AlgorithmComplexityFairnessSession stickinessCache localityBest for
Round-robinO(1)HighNoneNoneUniform short requests
Least connectionsO(n)MediumNoneNoneVariable-duration requests
WeightedO(1)ConfigurableNoneNoneHeterogeneous hardware
IP hashO(1)MediumStrongMediumSession persistence
Consistent hashO(log n)MediumStrongStrongDistributed caches

Best practices

  • Implement active health checks: passive monitoring (detecting connection failures) is too slow. Configure HTTP health checks that hit /health every 5 seconds. A server returning 500s should be removed from rotation before it degrades user experience.
  • Use connection pooling: creating a new TCP connection for every request adds latency and CPU overhead. Configure keepalive connections between the load balancer and backends so connections are reused across requests.
  • Terminate SSL at the load balancer: handle TLS handshake at the edge, forwarding plain HTTP to backends inside a secure network. This reduces certificate management and CPU load on application servers.
  • Expose real client IPs: backends behind a load balancer see the balancer’s IP, not the client’s. Forward X-Forwarded-For and X-Real-IP headers. Ensure backends trust only the load balancer’s IP to prevent IP spoofing.
  • Plan for session persistence: if your application stores session state in memory, use sticky sessions (cookie-based or IP hash) so users consistently hit the same backend. Better yet, store sessions in Redis and make all requests stateless.

Common mistakes

  • No health checks with round-robin: a failed server still receives 1/N of traffic, causing user-facing errors. Always combine load balancing with active health checks that remove unhealthy nodes.
  • Ignoring the thundering herd: when a failed server recovers, sending it full traffic immediately can overwhelm it. Use slow-start — gradually increase the weight of recovering servers over 30-60 seconds.
  • IP hash for mobile users: mobile clients change IP addresses frequently (switching between WiFi and cellular). IP hash causes session loss. Use cookie-based stickiness instead.
  • Forgetting about load balancer capacity: the load balancer itself can become a bottleneck. Monitor its CPU, connections, and throughput. Scale horizontally with DNS round-robin or Anycast when a single balancer is insufficient.

FAQ

Q: Should I use Layer 4 or Layer 7 load balancing? A: Layer 4 (TCP/UDP) is faster but cannot inspect HTTP headers or route based on URL. Layer 7 (HTTP) enables path-based routing, cookie stickiness, and request rewriting. Use Layer 7 for web applications; Layer 4 for databases, game servers, or non-HTTP protocols.

Q: How do load balancers handle WebSockets?
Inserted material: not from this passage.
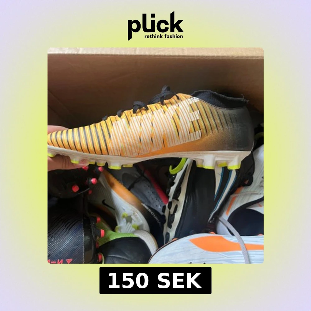 Nike Mercurial fotbollsskor i orange med svarta och vita ränder samt stora vita loggor på sidorna. Skorna har snörning, svart krage och svart häl. Sulan är vit med gula dobbar för bra grepp på planen. Perfekta för dig som vill sticka ut på fotbollsplanen.
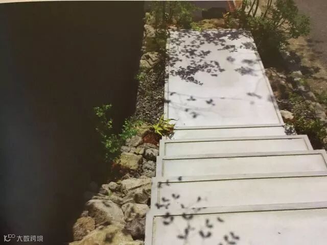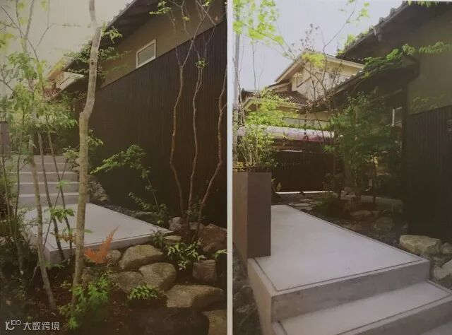 通道尽头和台阶的两旁分别使用了石材,以自然石和砂砾为主要造园元素,并在其中栽种了一些绿色植物,使通道不显得那么单调。

A: WebSocket connections are long-lived. The balancer must support HTTP upgrade proxying and maintain the connection. Nginx and HAProxy handle this natively. Ensure the backend timeout exceeds the expected WebSocket duration.

Q: What is the difference between a load balancer and a reverse proxy? A: A reverse proxy routes requests to backends and can modify them. A load balancer adds distribution algorithms, health checks, and failover. In practice, modern tools (Nginx, HAProxy, Traefik) are both. The terms are often used interchangeably.

Q: Can I load balance across regions? A: Yes — use DNS-based load balancing (Route 53, Cloudflare) with geolocation routing or latency-based routing. The DNS resolver returns the IP of the nearest healthy region. This operates at Layer 3, above application-level balancers.